Мы разговаривали и курили сначала в моей комнате, а потом перешли в ее — № 22. Перешли потому, что Мария Сергеевна не могла без чаю, у нее был уже извлечен из чемодана кипятильник. Я, конечно же, призналась, как Сёма сначала кричал «Марусю напечатали!», а потом: «Марусю я тебе не отдам!». Призналась, потому что сразу всем своим существом к ней расположилась. А можно ли начинать дружбу неоткровенно? Наверное, можно. Вот ведь несколько лет наших, почти семейных отношений, Мария Сергеевна о своем госте, молчаливом и милом ярославце — нос картошкой — дяде Петрусе говорила как о земляке. На самом деле он, как мне уже после смерти Петровых сказал Липкин, удивляясь, что не знаю, — ее первый муж. Значит, и дружить не вполне откровенно тоже вполне можно. Но в первый вечер знакомства Петровых отреагировала не на мое бледное восприятие ее публикации, а на «Марусю я тебе не отдам!».
— Так и сказал? Ведь я с ним последний год в довольно натянутых отношениях. Он на секции переводчиков ругал Немочку Гребнева. И вообще Сёмушка не из деликатных. Бывает прямолинейно груб, даже порой — мучитель.
Я спросила, в чем это выражается. Я ничего особенно мучительского в нем не замечала.
— Еще заметите, — засмеялась Мария Сергеевна, — друг же он наивернейший. А вот характер для меня мучительный. Мы с Аришей — в основном безденежны. Сёмушка время от времени к нам приезжал и подкидывал, но при этом всякий раз обрушивался на меня: «Если ты будешь продолжать всякую советскую чушь переводить, денег не будет. Чушь — между прочим, а главное — это классика, и душе на пользу и карману». Но я так много, ежедневно работать, как он, не умею, да и деньги нужны быстрые, а не когда-нибудь в будущем. И я вовсе и не считаю, что, например, Маро Маркарян или Сильва Капутикян — чушь. Вот и на Немочку он взъелся, а Гребнев был тяжело ранен в живот, это он забывает.

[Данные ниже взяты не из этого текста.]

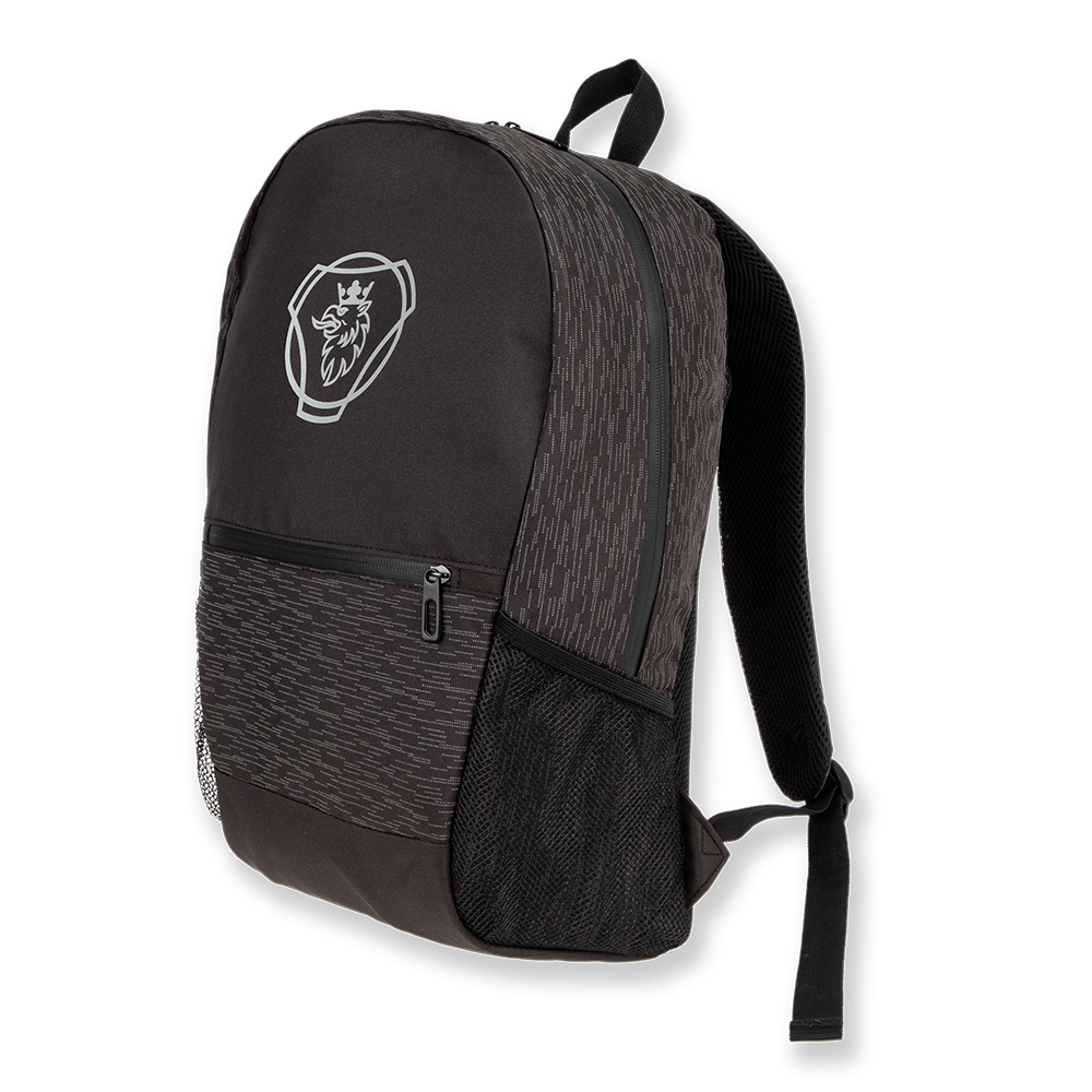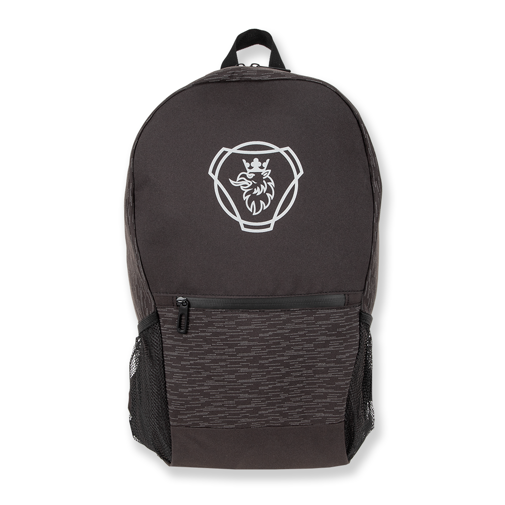 Details: A lightweight backpack featuring a modern all-over reflective print, main compartment for up to 15.6" laptop, front zipper pocket and 2 mesh pockets. Adjustable straps. Branded with the Scania Symbol in reflective on the front of the backpack.

Разговаривали мы до трех ночи. Я что-то прочитала, и Петровых мне прочла свое замечательное — «Черта горизонта» тихим, но убедительным и убежденным голосом. На прощанье я поделилась с нею тревогой за свою Лену и бывшего мужа:
— Мари Сергевна, они сейчас в Праге по приглашению нашей знакомой литературоведки по Платонову. И крайне тревожусь. Ничем хорошим Пражская весна окончиться не может. Я отговаривала ехать, дескать, на войну едете. А когда я весной литературоведке, экзальтированной Милуше говорила, что рано радоваться, что наши, как в Венгрию, могут войска вести, она кричала: «Замолчи, ты — сумасшедшая!». Я, Мари Сергевна, и вправду сумасшедшая. Но ведь не в такой мере! А может, — и в такой, и все пока что обойдется.
Мария Сергеевна не сказала мне: «Все будет хорошо», в ее глазах я заметила и встревоженность, а в поддерживающем мои слова «Возможно, и обойдется» услышала свои мысли.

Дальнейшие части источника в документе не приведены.